**Dataset section**

<<<<

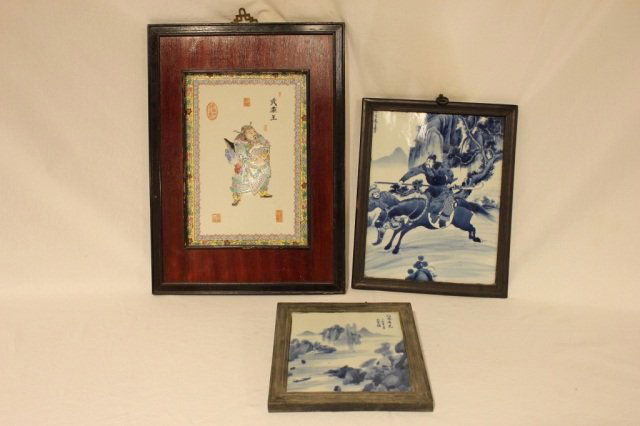 3 Chinese Porcelain Plaques - Warrior Studies
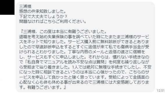 退職を考え始め失業保険の事を調べていた時にたまたま三浦様のサービスをネットで知りました。
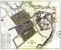 Un premier faubourg, nommé Hiché et qui deviendra Saint-Roch, voit le jour au milieu du 18e siècle. Sa création permet de reloger les artisans et les ouvriers en dehors des murs. Le faubourg Saint-Jean s'urbanise à son tour à partir des années 1780. En 1789, un premier pont enjambant la Saint-Charles est construit à l'emplacement actuel du pont Drouin[12]. En 1792, les deux faubourgs sont intégrés à la ville de Québec lorsque ses limites sont repoussées jusqu'à une ligne plus à l'ouest correspondant approximativement à l'actuel boulevard Langelier. Un troisième faubourg, Saint-Louis, s'ajoutera aux deux précédents et à la cité fortifiée. Ces faubourgs seront rasés et reconstruits à la suite d'incendies durant le 19e siècle (1845, 1866, 1881).

>>>>

**Task brief**
Beginning with the line that contains "退職を考え始め失業保険の事を", repeat every remaining line of the data exactly, the last line included, and omit pictures.

**Exercise response**
 退職を考え始め失業保険の事を調べていた時にたまたま三浦様のサービスをネットで知りました。
 Un premier faubourg, nommé Hiché et qui deviendra Saint-Roch, voit le jour au milieu du 18e siècle. Sa création permet de reloger les artisans et les ouvriers en dehors des murs. Le faubourg Saint-Jean s'urbanise à son tour à partir des années 1780. En 1789, un premier pont enjambant la Saint-Charles est construit à l'emplacement actuel du pont Drouin[12]. En 1792, les deux faubourgs sont intégrés à la ville de Québec lorsque ses limites sont repoussées jusqu'à une ligne plus à l'ouest correspondant approximativement à l'actuel boulevard Langelier. Un troisième faubourg, Saint-Louis, s'ajoutera aux deux précédents et à la cité fortifiée. Ces faubourgs seront rasés et reconstruits à la suite d'incendies durant le 19e siècle (1845, 1866, 1881).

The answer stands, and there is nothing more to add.